- Born: 1943 (age 82–83)
- Citizenship: USA
- Education: Brandeis University
- Awards: I. Peter Gellman Award, 1981
- Scientific career
- Fields: Sociology, feminist studies, media studies
- Workplaces: University of Connecticut (1990-2011) Queens College, C.U.N.Y. (1972-1990)

= Gaye Tuchman =

American sociologist

Gaye Tuchman is an American sociologist. She is a professor emerita of sociology at the University of Connecticut. Tuchman is best known for her 1978 book, Making News: A Study in the Construction of Reality, about the sociology of news production. She is a past president of the Eastern Sociological Society.

==Early life and education==

Tuchman grew up in Passaic, New Jersey. She attended Passaic High School, where she was editor-in-chief of the school newspaper. She earned an undergraduate degree in English and American Literature from Brandeis University in 1964. She went on to earn master's (1967) and doctorate (1969) degrees in sociology, also from Brandeis. Her doctoral dissertation was titled News, the Newsman's Reality.

== Career ==
Tuchman was an assistant professor at State University of New York at Stony Brook from 1969 to 1972. After that she worked as a professor of sociology at Queens College until 1990. From 1990 onwards, she was a professor of sociology at the University of Connecticut. In 2012 she earned the title of emeritus professor.

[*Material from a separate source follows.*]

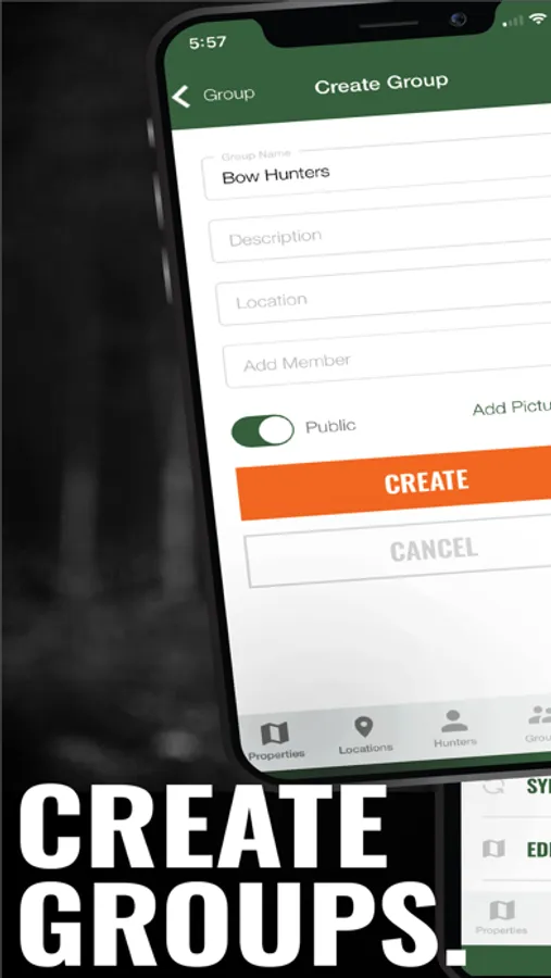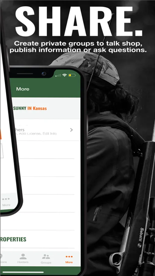 • Create private groups to interact with different hunters for different reasons or seasons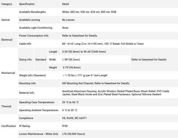 Equipped with ultra-high power industrial-grade LEDs, the BL138 Series can operate in both exceptionally bright strobe and continuous modes, depending on the control configuration. Its passive finned heatsink design optimizes thermal dissipation without active cooling fans. For applications exceeding 24 inches, optional uniformity balancing every six inches ensures consistent exposure across the entire active area.

Tuchman has served as president of the Eastern Sociological Society, vice-president of Sociologists for Women in Society (she was one of 18 co-founders), a member of the council of the American Sociological Association, and the Board of Directors of Society for the Study for Social Problems.

==Research==

Tuchman is mostly known for her book Making News: A Study in the Construction of Reality that applies the concepts of social constructivism and framing in a qualitative study of media production in New York City. Tuchman describes how

News is a window of the world. Through its frame, American learn of themselves and others, of their institutions, leaders, and life styles, and those of other nations and their peoples […] But, like any frame that delineates a world, the news frame may be considered problematic. The view through a window depends upon whether the window is large or small, has many panes or few, whether the glass is opaque or clear, whether the window faces a street or a backyard.

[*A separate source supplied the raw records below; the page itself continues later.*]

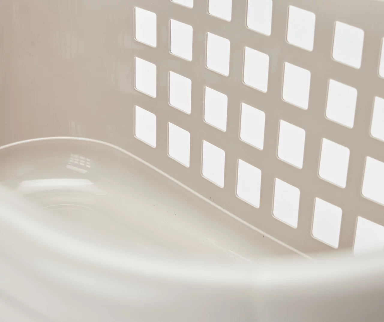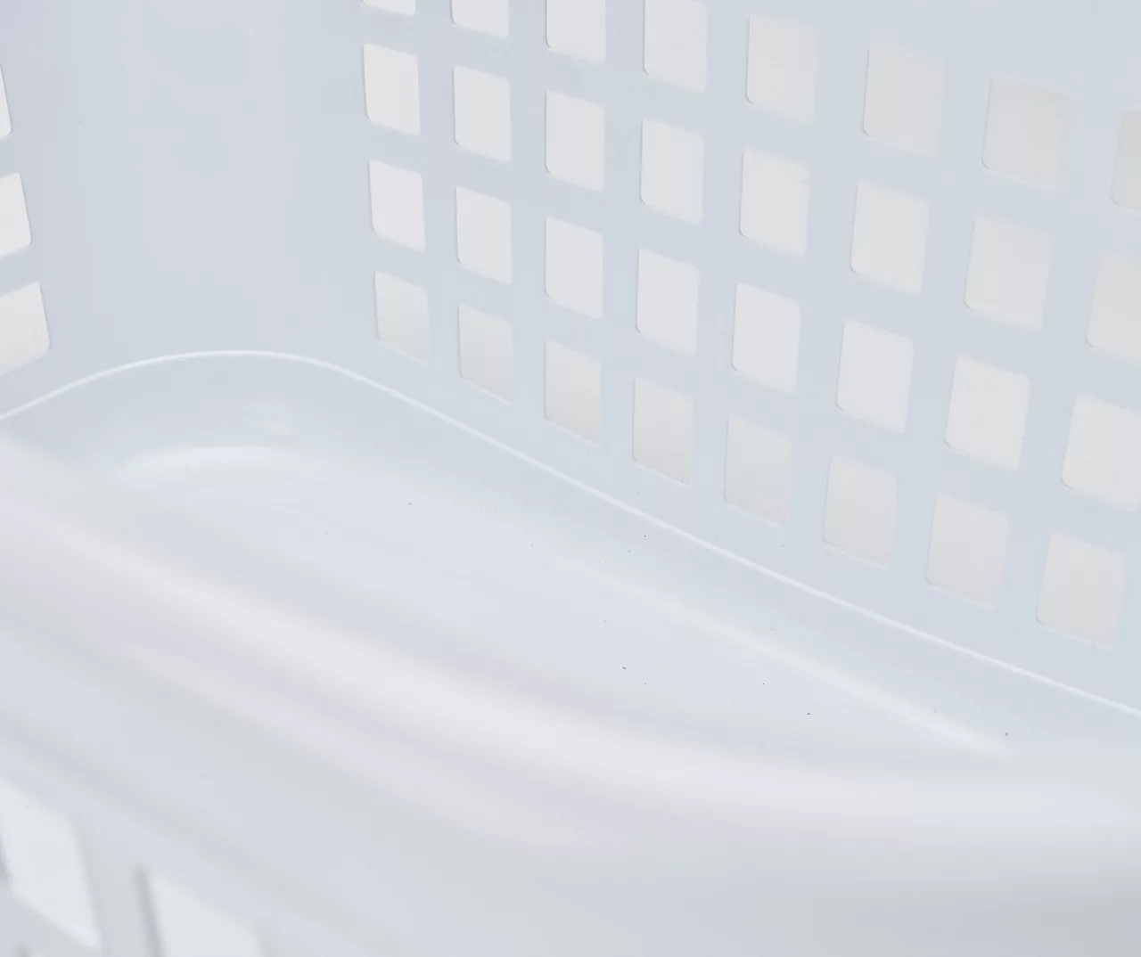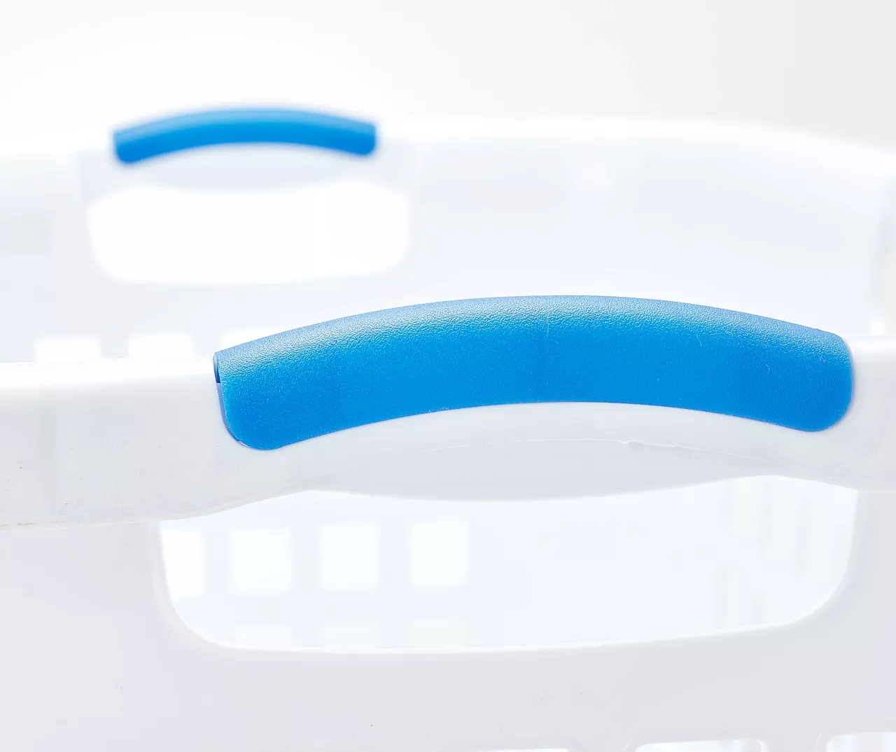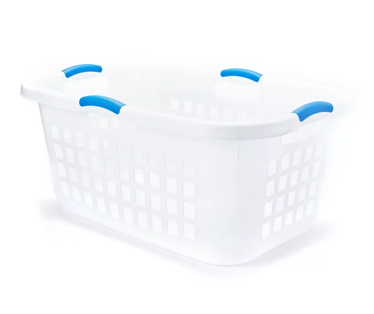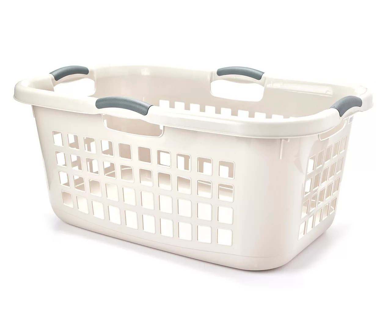 Sort and carry your laundry loads easily using this Sterilite basket boasting four contrast handles and ventilation holes. Each handle features a comfort grip design that allows you to easily carry clothing to and from the laundry room.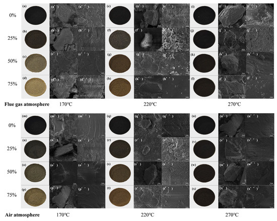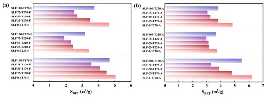 Figure 2 clearly illustrates the effects of reaction temperature, wheat straw blending ratio, and atmosphere on the surface morphology of lignite–wheat straw blended fuels. As shown in Figure 2a–x, under lower pretreatment temperatures, SLF fuels undergo significant color transitions. Increasing the wheat straw blending ratio shifts the fuel color from its original state to brown tones, likely due to moisture removal and tar deposition on the surface. At 270 °C, all samples turn black regardless of blending ratio, indicating biomass carbonization into biochar [24]. Further analysis of Figure 2a′–x′ reveals that reaction temperature dominates surface structural evolution. Figure 2a″,e″ demonstrate that as the temperature increases to 220 °C, lignite particles exhibit smoothed surfaces with emerging cracks and fine particulate matter. This alteration may originate from the dehydration phase, during which the contraction forces acting on the particle surfaces lead to the collapse of certain pore structures. Consequently, both the number of mesopores and the specific surface area are reduced. According to IUPAC classification, coal pores are categorized into macropores, mesopores, and micropores, with the specific surface area (SBET) primarily governed by mesopores and micropores. Figure 3a shows that SLF-0-T220-F exhibits an SBET of 3.43 m2/g, reduced by 1.63 m2/g compared to SLF-0-T170-F (5.06 m2/g), consistent with the correlation between higher SBET and moisture retention in low-rank coals [25]. At 270 °C (Figure 3a), SBET increases to 4.67 m2/g for SLF-0-T270-F, accompanied by intensified surface cracking. BET analysis suggests that thermal shrinkage from moisture evaporation collapses macropores into mesopores and micropores, restructuring the pore hierarchy.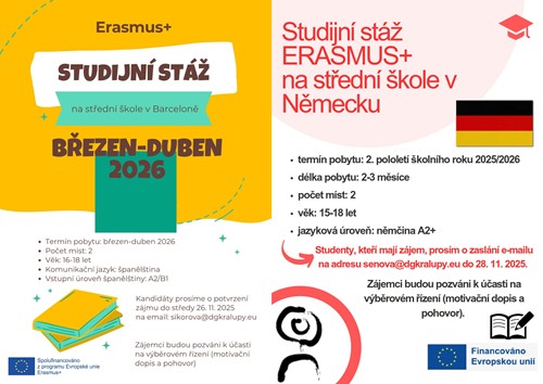 Nabízíme příležitost individuálních studijních stáží Erasmus pro studenty Dvořákova gymnázia na partnerské střední škole ve španělské Barceloně a v Německu. Stáž jsou jsou plně hrazeny z prostředků Evropské Unie. Přihlašování probíhá do 26. 11 a 28. 11. respektive.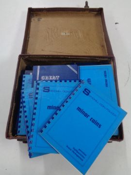 A leather case containing numerous vacant British coin collection folders and albums. (Q)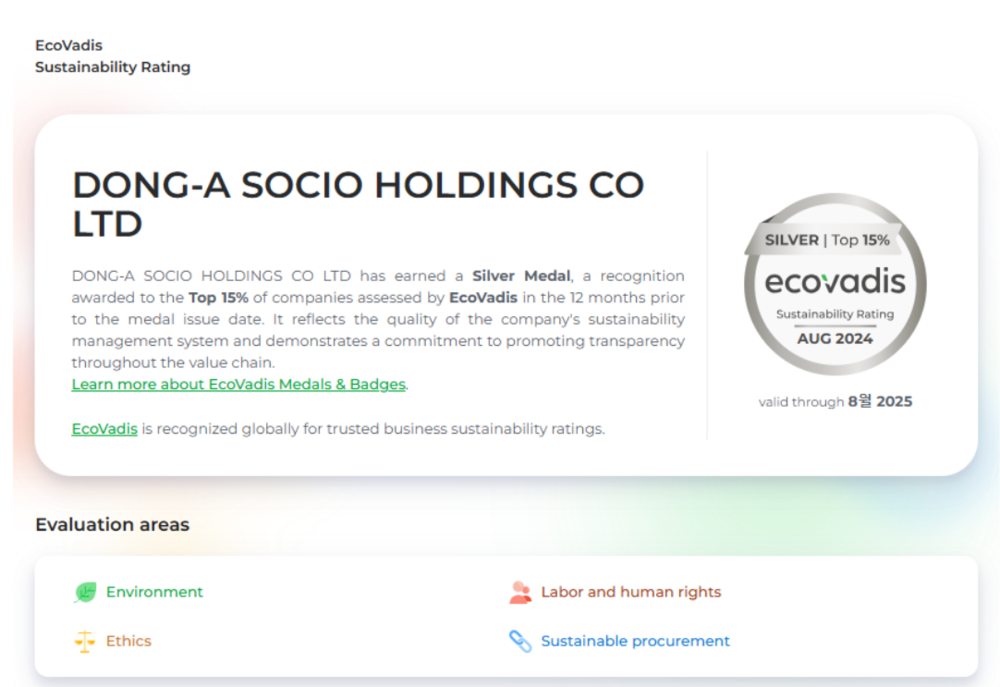 동아쏘시오홀딩스는 노동 및 인권, 윤리, 환경 분야 순으로 우수한 점수를 받아, 첫 평가에서 상위 15%에 해당하는 실버 등급을 받았다.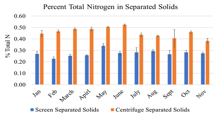 Figure 5. Total nitrogen in screen separated and centrifuge separated solids.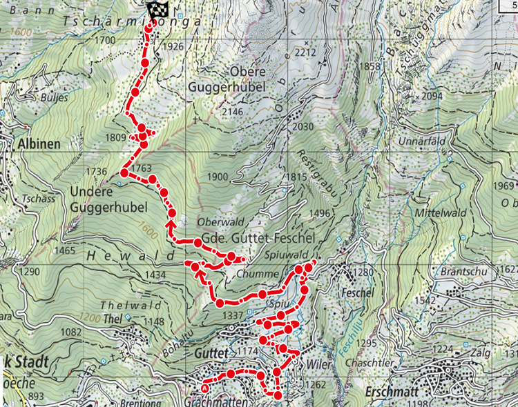 Quelques mots sur mon ressenti… Première randonnée de 2023 avec une région que j’avais déjà parcourue mais plutôt côté Est en direction de Feschel / Erschmatt ou Galm. Lors de cette balade, j’ai décidé de me rendre au-dessus d’Albinen dans un petit lieu entouré de nombreux chalets sous Niwe Stafel.

Together with Herbert Gans' Deciding What's News and Todd Gitlin's The Whole World is Watching, Tuchman's Making News has become one of the seminal texts for the sociology of news production in mass media. She was the first to describe, built on in-depth qualitative analysis, how news are the product of institutions, especially of journalists' strategies to manage their work, how news value is not an inherent property of events but a negotiated social process in which organisations select events from the daily abundance of potential news. In her perspective, the self-legitimation of media through the usage of visual codes, narrative and visual conventions through which they "radiate an aura of representation" , but at the same time add to legitimizing dominant institutions and individuals, and the media's self-perception as committed to claims of objectivity, are important parts of this process, as well as scandalization as active management of social controversies to attract attention.

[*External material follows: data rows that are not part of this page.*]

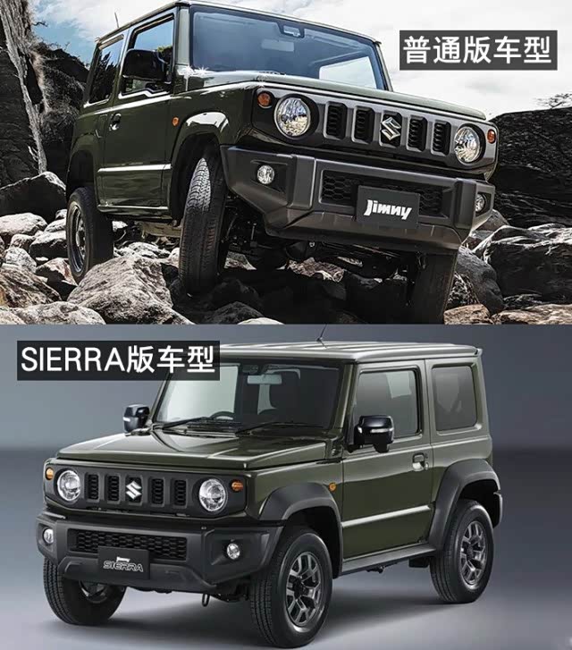 新一代吉姆尼仍然保持了历代车型经典的方盒子造型,整车以大量平直的线条和直角折线构成,相比现款车型更加的硬朗,这样设计还带来一大好处就是最大限度的保证了车内空间。为了针对全球市场和日本国内市场的不同要求,新一代吉姆尼也有两个版本的车型,分别是符合日本K-car标准的普通版车型和面向全球的Sierra版车型。普通版车型取消了会影响到整车宽度的黑色塑料轮眉、侧踏板等外饰套件,与之匹配的轮胎也采用了窄胎的设计。Sierra版车型则跳出了K-Car法规的限制,增加了具有肌肉感的轮眉,并且前保险杠面罩的也随着轮眉的使用而变得更宽。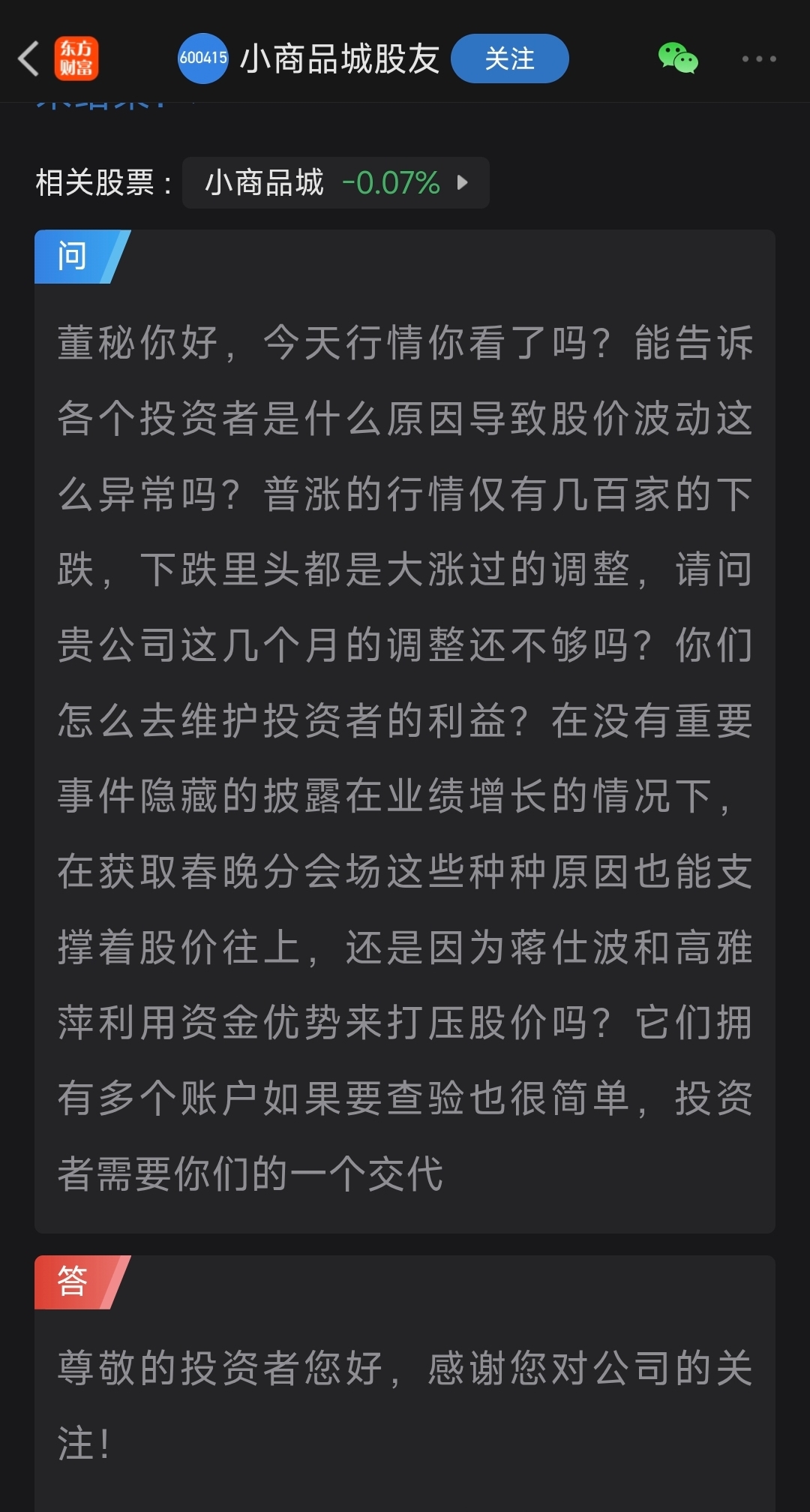 $小商品城(SH600415)$ 这是我见过的最敷衍,最不负责,最让人寒心的董秘!投资者200字的问题,董秘一句格式化的回答敷衍了!这还是人嘛。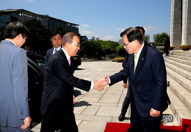 20일, 서울 여의도 국회를 예방한 반기문 유엔 사무총장과 정의화 국회의장이 본청 계단 앞에서 악수를 나누고 있다. (사진공동취재단)

Tuchman has also studied the role of gender in cultural and media production

Since the 1990s, Tuchman has been mainly active in the sociologies of culture (including media), gender, and higher education, using ethnographic methods and occasionally historical methods in sociology.

== Publications ==
- "Edging Women Out: Victorian Novelists, Publishers, and Social Change" (1989)
- Tuchman, Gaye (1994). "Historical social science: Methodologies, methods, and meanings"
- "Wannabe U: Inside the Corporate University" (2009)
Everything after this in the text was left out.